### DATASET ENTRIES
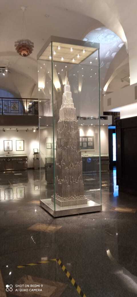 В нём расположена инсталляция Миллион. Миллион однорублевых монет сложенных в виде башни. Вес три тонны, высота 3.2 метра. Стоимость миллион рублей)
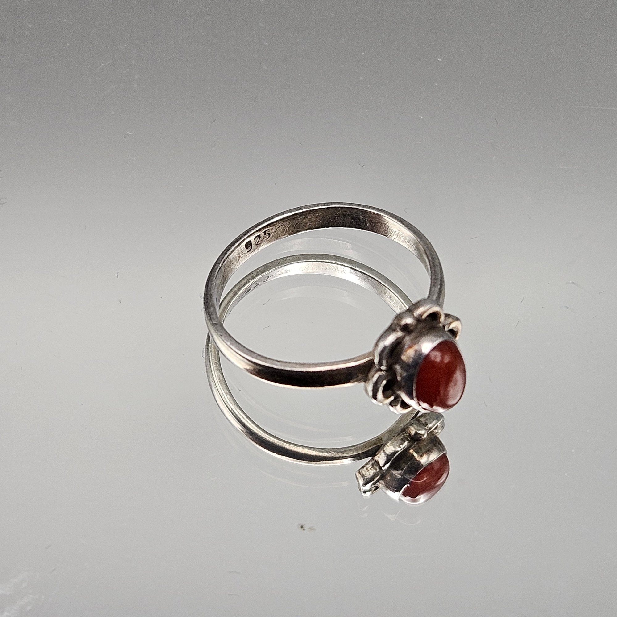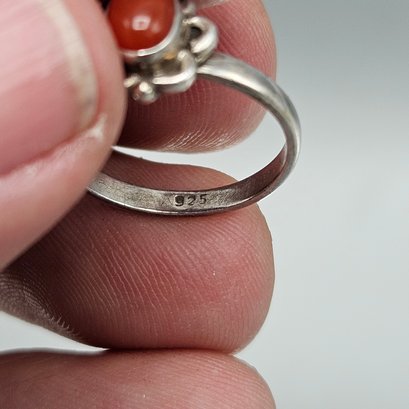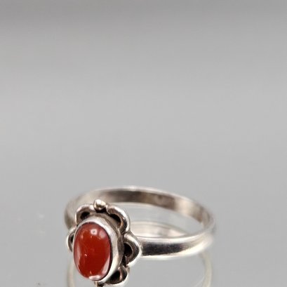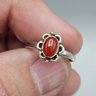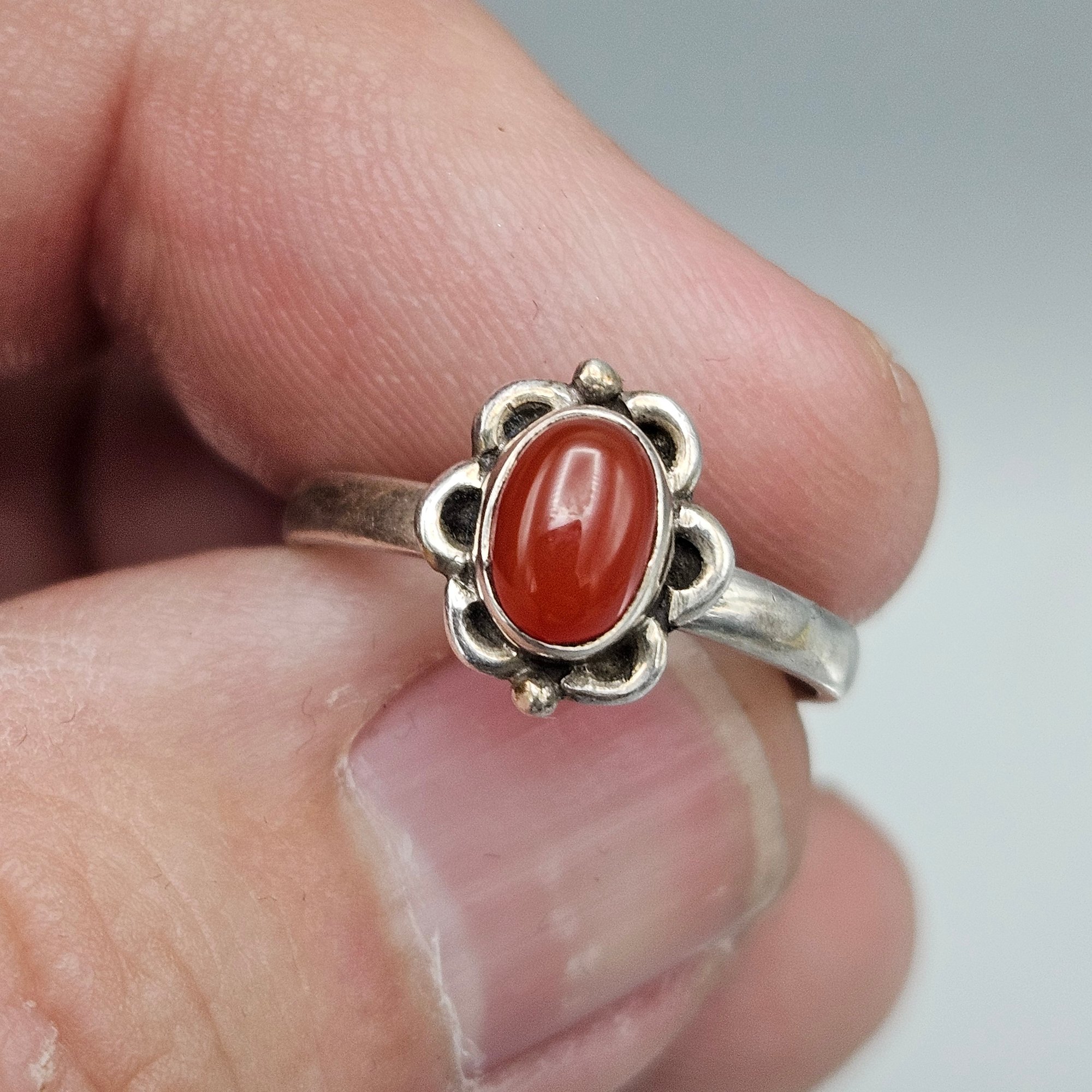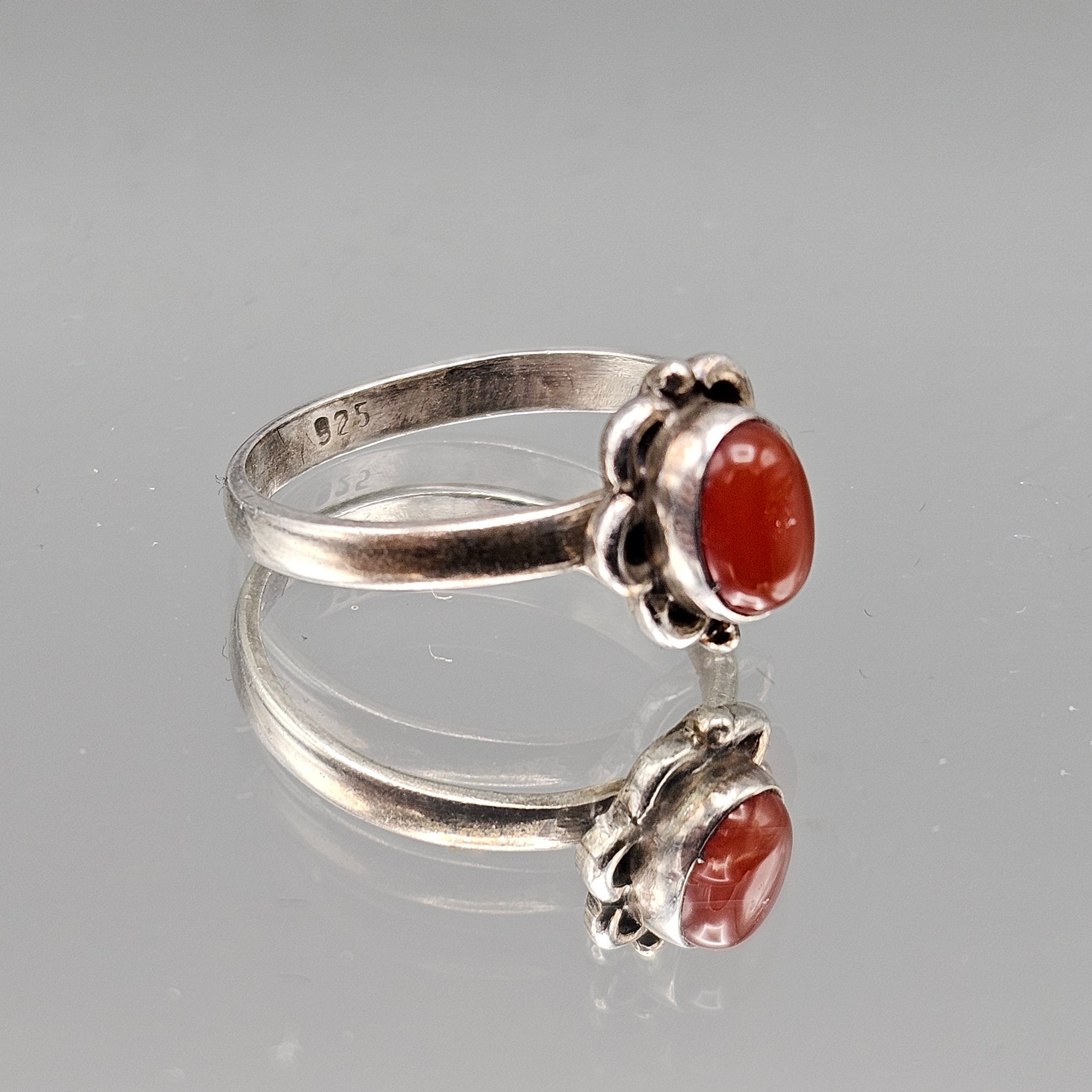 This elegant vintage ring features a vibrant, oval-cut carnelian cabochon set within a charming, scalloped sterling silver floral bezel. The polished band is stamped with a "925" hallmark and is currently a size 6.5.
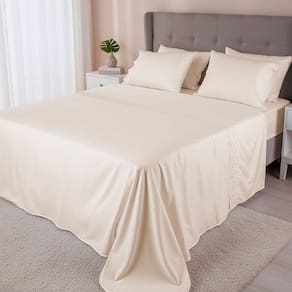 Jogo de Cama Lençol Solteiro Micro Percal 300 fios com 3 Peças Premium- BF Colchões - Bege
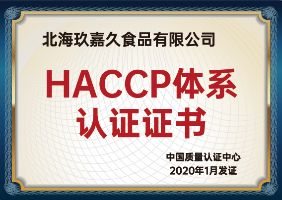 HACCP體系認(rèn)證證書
* * *
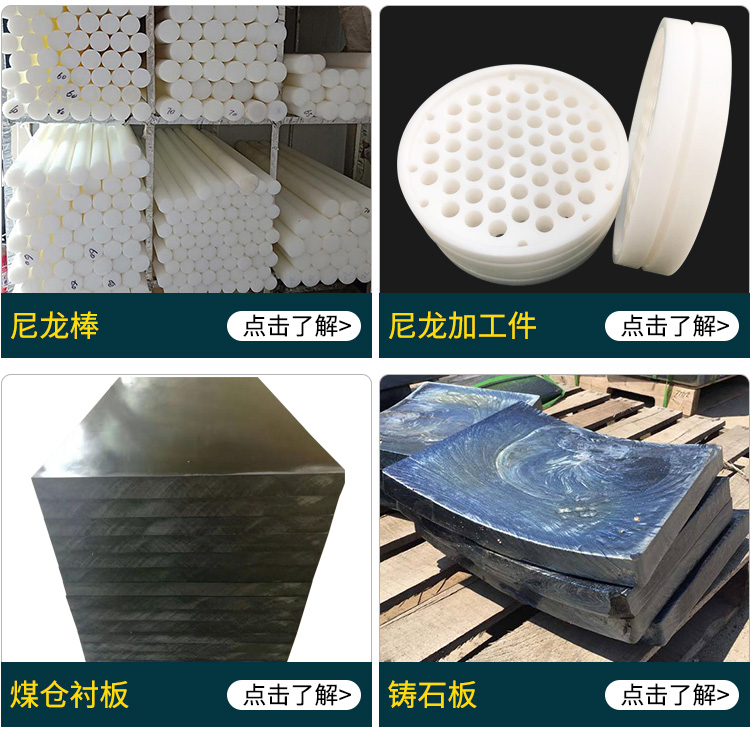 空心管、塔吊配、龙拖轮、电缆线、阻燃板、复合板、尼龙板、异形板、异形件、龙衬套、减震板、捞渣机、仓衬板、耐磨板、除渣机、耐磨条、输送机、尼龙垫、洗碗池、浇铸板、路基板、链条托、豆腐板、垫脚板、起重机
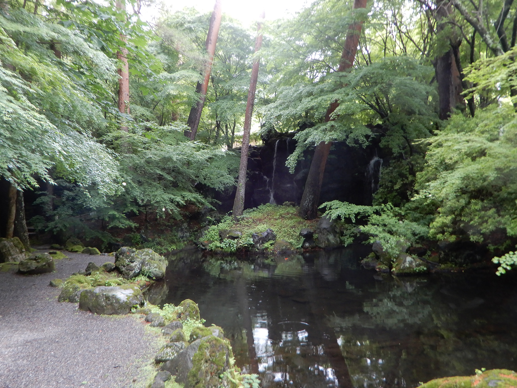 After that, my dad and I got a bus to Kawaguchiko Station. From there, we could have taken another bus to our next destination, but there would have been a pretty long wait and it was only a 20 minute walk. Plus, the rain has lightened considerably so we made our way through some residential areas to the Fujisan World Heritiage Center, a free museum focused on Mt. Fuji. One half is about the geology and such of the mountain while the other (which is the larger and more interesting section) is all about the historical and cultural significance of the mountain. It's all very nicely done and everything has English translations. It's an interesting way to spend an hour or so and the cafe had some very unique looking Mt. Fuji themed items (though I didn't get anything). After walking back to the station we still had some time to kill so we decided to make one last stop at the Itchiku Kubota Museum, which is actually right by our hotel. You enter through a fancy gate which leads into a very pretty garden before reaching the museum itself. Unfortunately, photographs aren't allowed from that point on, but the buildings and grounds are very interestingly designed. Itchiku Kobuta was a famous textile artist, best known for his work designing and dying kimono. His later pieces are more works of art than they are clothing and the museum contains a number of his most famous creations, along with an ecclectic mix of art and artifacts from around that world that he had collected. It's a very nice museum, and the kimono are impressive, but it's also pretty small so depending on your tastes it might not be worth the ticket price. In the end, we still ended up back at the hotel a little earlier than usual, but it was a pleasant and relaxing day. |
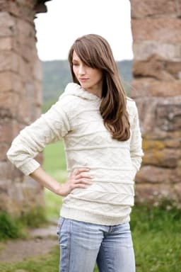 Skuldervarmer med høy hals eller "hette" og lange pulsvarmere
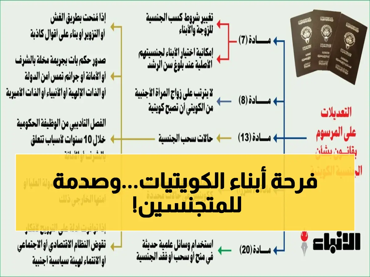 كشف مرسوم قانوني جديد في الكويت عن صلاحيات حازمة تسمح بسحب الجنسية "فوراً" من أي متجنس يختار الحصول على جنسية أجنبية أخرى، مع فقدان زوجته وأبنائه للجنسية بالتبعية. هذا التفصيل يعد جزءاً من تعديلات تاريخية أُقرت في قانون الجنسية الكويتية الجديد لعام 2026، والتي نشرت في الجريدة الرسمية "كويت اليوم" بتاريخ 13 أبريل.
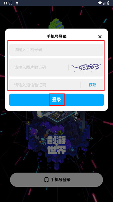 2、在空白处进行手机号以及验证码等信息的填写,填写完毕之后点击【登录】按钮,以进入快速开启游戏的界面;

### EXERCISE
Each line above that falls between the line with "Skuldervarmer med høy" and the line with "2、在空白处进行手机号以及验" should be printed exactly, together with those two lines, but the pictures should not.

### ANSWER TO THE PROBLEM
 Skuldervarmer med høy hals eller "hette" og lange pulsvarmere
 كشف مرسوم قانوني جديد في الكويت عن صلاحيات حازمة تسمح بسحب الجنسية "فوراً" من أي متجنس يختار الحصول على جنسية أجنبية أخرى، مع فقدان زوجته وأبنائه للجنسية بالتبعية. هذا التفصيل يعد جزءاً من تعديلات تاريخية أُقرت في قانون الجنسية الكويتية الجديد لعام 2026، والتي نشرت في الجريدة الرسمية "كويت اليوم" بتاريخ 13 أبريل.
 2、在空白处进行手机号以及验证码等信息的填写,填写完毕之后点击【登录】按钮,以进入快速开启游戏的界面;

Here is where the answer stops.